Assigned task: Starting at the first line of the data, print every line up to and including the one with "Dollymama’s by Joey", but no pictures.

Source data
Start of Block

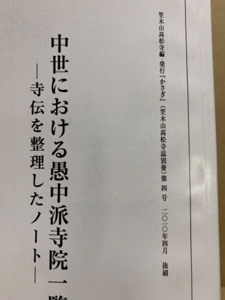 中世における愚中派寺院一覧 <笠木山高松寺誌別冊 4号(抜刷)>
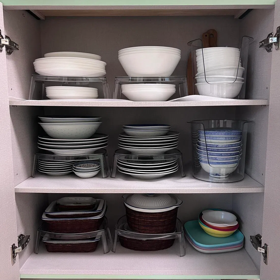 When sorting items quickly by category, containers are helpful and more visibly pleasing. Clear ones also help you remember what you have for easy retrieval and avoid repeat purchases. “Everything in the same category should be kept together – like in a shop,” advises Chew.
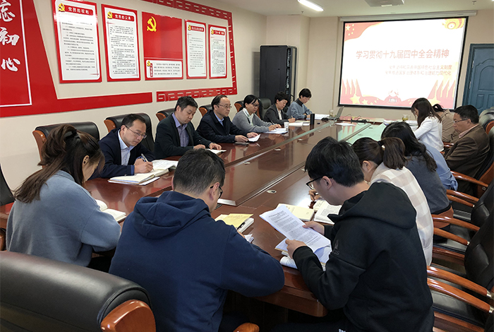 会议以PPT形式,详细解读了《中国共产党第十九届中央委员会第四次全体会议公报》,并对其中“3个判断”“13方面优势”“总体目标”和“13个制度体系”等内容作分析和强调。
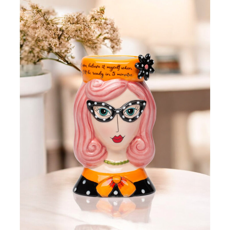Dollymama’s by Joey Heiberg. The new creation of flower container or vase or makeup brush holder or toothbrush holder. Hand-painted by the skilled worker. Each lady has its own hair style. Unique sculpted the lady vase with her own personality. Pink hair lady holder. Message on the vase means I don’t even believe it myself when I say I’ll be ready in 5 minutes.
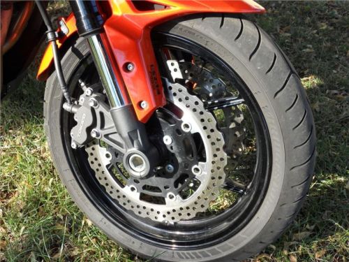 Velmi dobře fungující brzdy Tokico bych však u takto agresivně a těžkotonážně vyhlížející motorky očekával ještě silnější. Vůbec jim nechyběl výkon, ABS fungovalo výborně a skoro nepostřehnutelně, brzdy jsou dostačující, brzdiče Brembo z dříve testované KTM 1050 Adventure by však Versysovi slušely více.
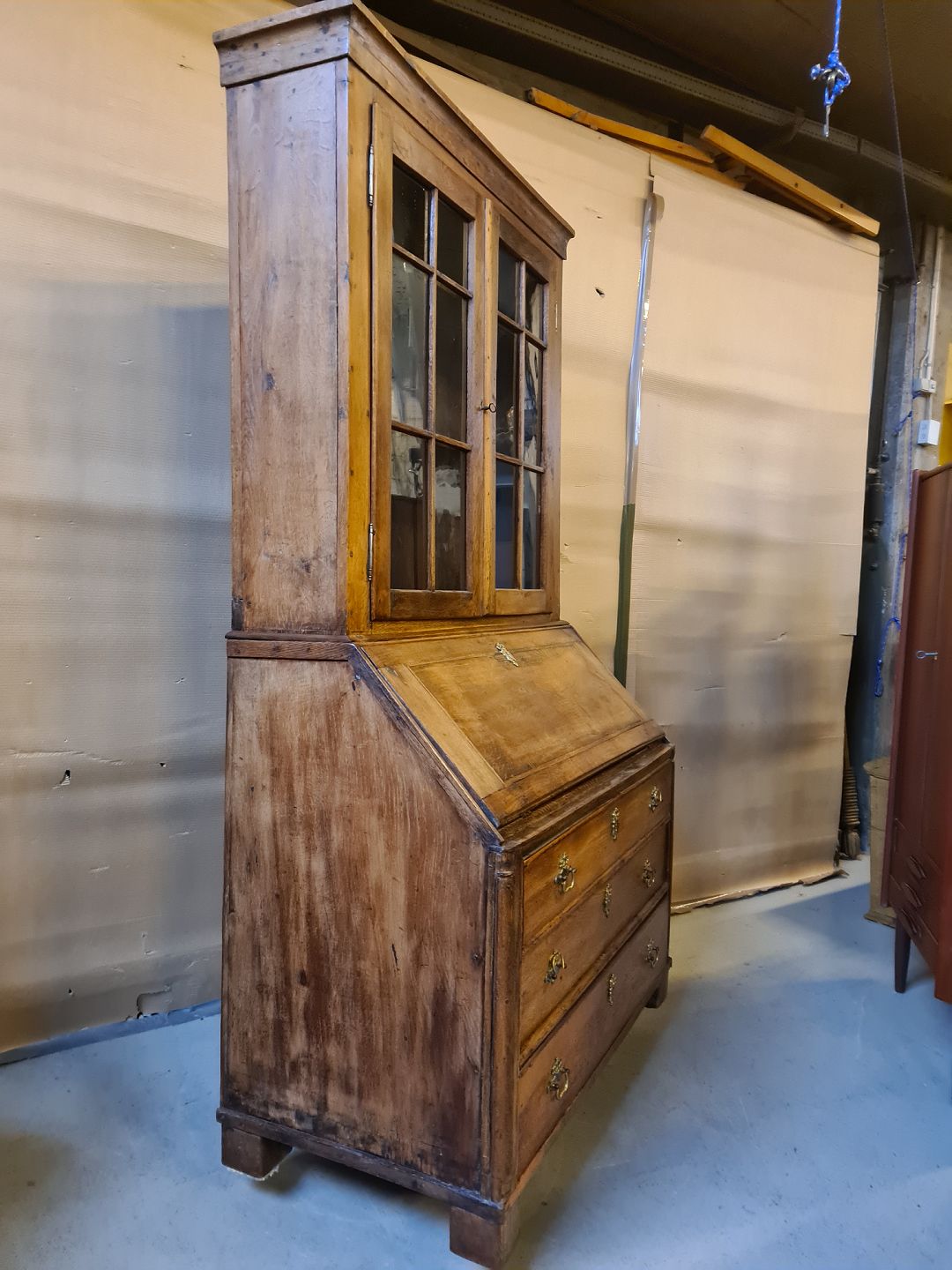 Chatol i massivt egetræ, fra 1890erne. Det har patina og en revne i det ene glas i lågen. Højde 191cm Bredde 127cm Dybde 55cm Emne nummer: 75052
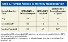 The SSRI/SNRI and benzodiazepine therapy group had an AHR of 5.5 (95% CI, 1.6-18.7) and an NNH of 32; the SSRI/SNRI and opioid therapy group had an AHR of 12.3 (95% CI, 3.3-46.2) and an NNH of 13; and the SSRI/SNRI, benzodiazepine, and opioid therapy group had an AHR of 20.0 (95% CI, 4.0-101) and an NNH of 8.Although the risk for medical/surgical hospitalization was not significantly increased in the SSRI/SNRI and benzodiazepine therapy group (AHR, 1.9; 95% CI, 0.67-5.6), a significant difference was found in the SSRI/SNRI and opioid therapy group (AHR, 4.4; 95% CI, 1.6-12.0; NNH, 42).
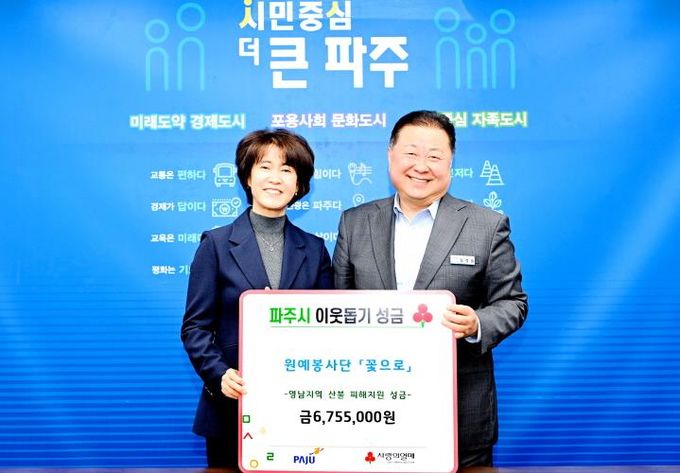(아름다운교육신문) 파주시는 영남지역 산불로 발생한 피해를 지원하기 위한 기부 행렬이 이어지고 있다고 밝혔다. 장어명가 지중해로부터 1천만 원, ㈜그린휀스로부터 1천만 원, 원예봉사단체 ‘꽃으로’로부터 675만 원을 기부받았다.
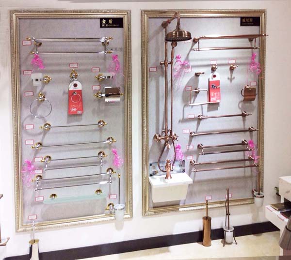 店铺装修时尚高端大方,明亮宽敞的店铺,井然有序陈列着各类设计精美的五金卫浴产品,给你精致生活享受。
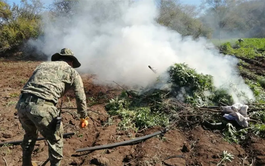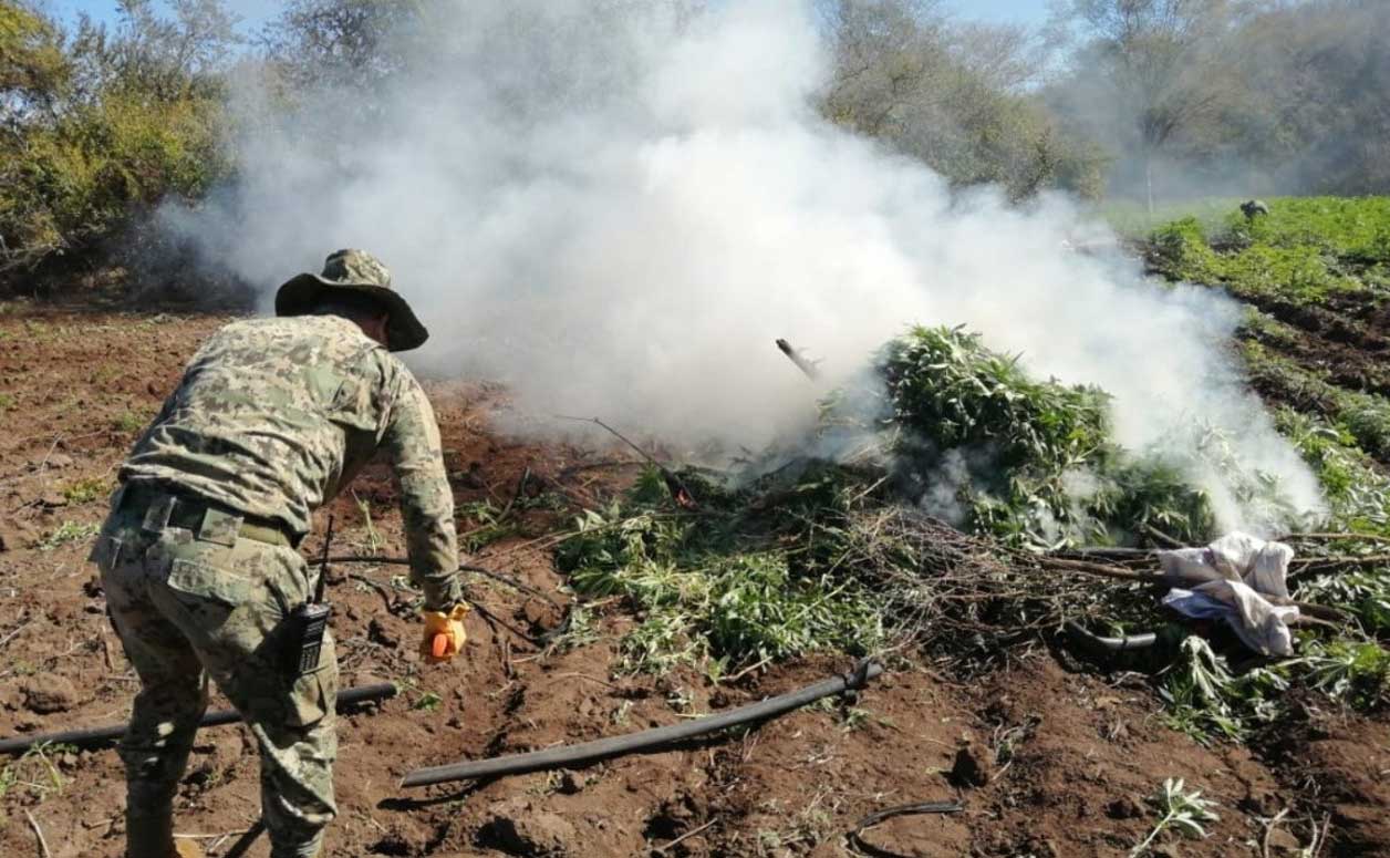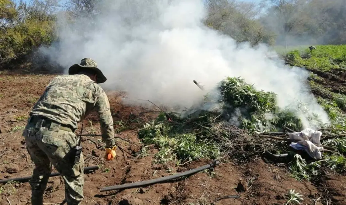 Dos días después de este hallazgo, personal militar localizó en la zona de San Francisco del Caimán, en el municipio de Escuinapa, una superficie de casi tres mil metros cuadrados de siembras de marihuana.
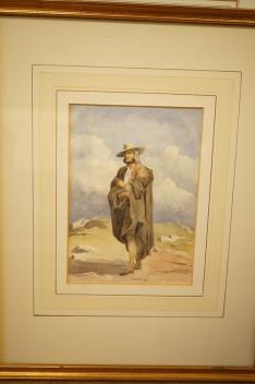 Lot 1768 , A collection of four watercolours to include J. Hardcastle, maritime watercolour, signed and dated 1910 and a study of a cloaked figure, largest 50 x 35cm
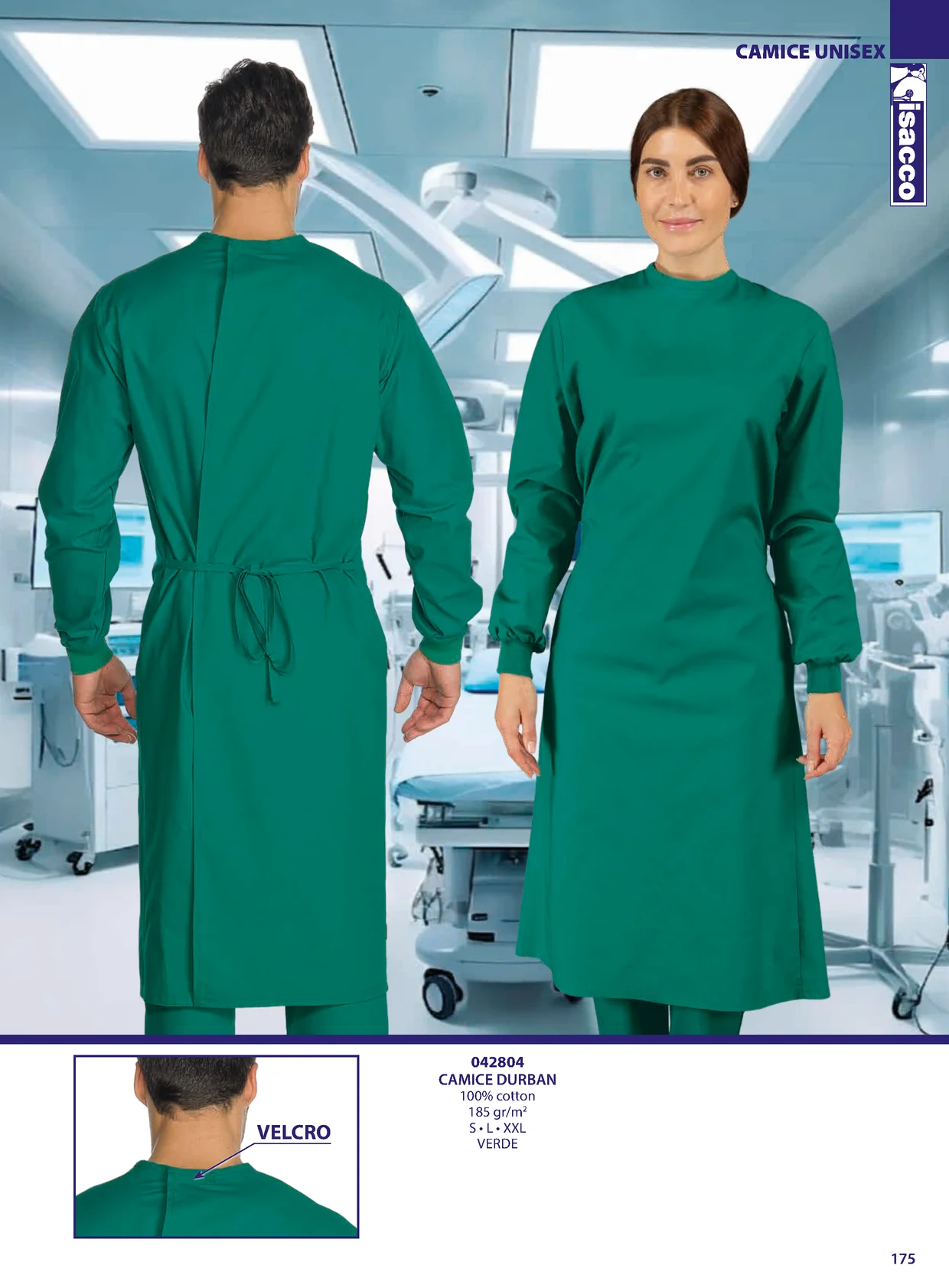 CAMICE UNISEX 042804 CAMICE DURBAN 100% cotton 185 gr/m2 VELCRO S • L • XXL VERDE 175
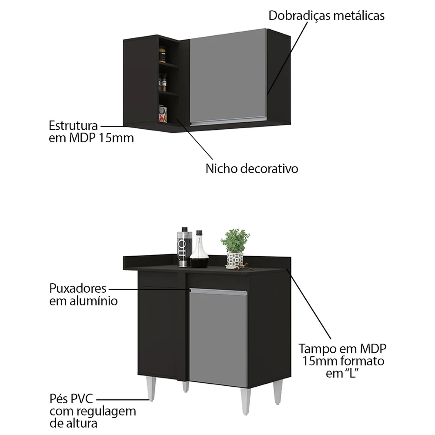 Você está procurando uma forma de otimizar o espaço da sua cozinha e deixá-la mais bonita e funcional? Então você precisa conhecer o Balcão Denver e Armário Austin de Canto Preto/Cinza, da Lumil.
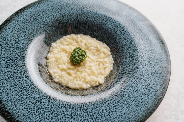 ・淡路海苔と淡路しらすのリゾット 春菊と芹のサルサヴェルデ添え
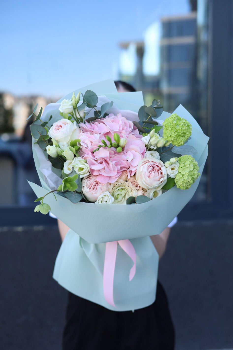 Букет з гортензією, вібірнуном на трояндами Лорена

End of Block

Task answer:
 中世における愚中派寺院一覧 <笠木山高松寺誌別冊 4号(抜刷)>
 When sorting items quickly by category, containers are helpful and more visibly pleasing. Clear ones also help you remember what you have for easy retrieval and avoid repeat purchases. “Everything in the same category should be kept together – like in a shop,” advises Chew.
 会议以PPT形式,详细解读了《中国共产党第十九届中央委员会第四次全体会议公报》,并对其中“3个判断”“13方面优势”“总体目标”和“13个制度体系”等内容作分析和强调。
Dollymama’s by Joey Heiberg. The new creation of flower container or vase or makeup brush holder or toothbrush holder. Hand-painted by the skilled worker. Each lady has its own hair style. Unique sculpted the lady vase with her own personality. Pink hair lady holder. Message on the vase means I don’t even believe it myself when I say I’ll be ready in 5 minutes.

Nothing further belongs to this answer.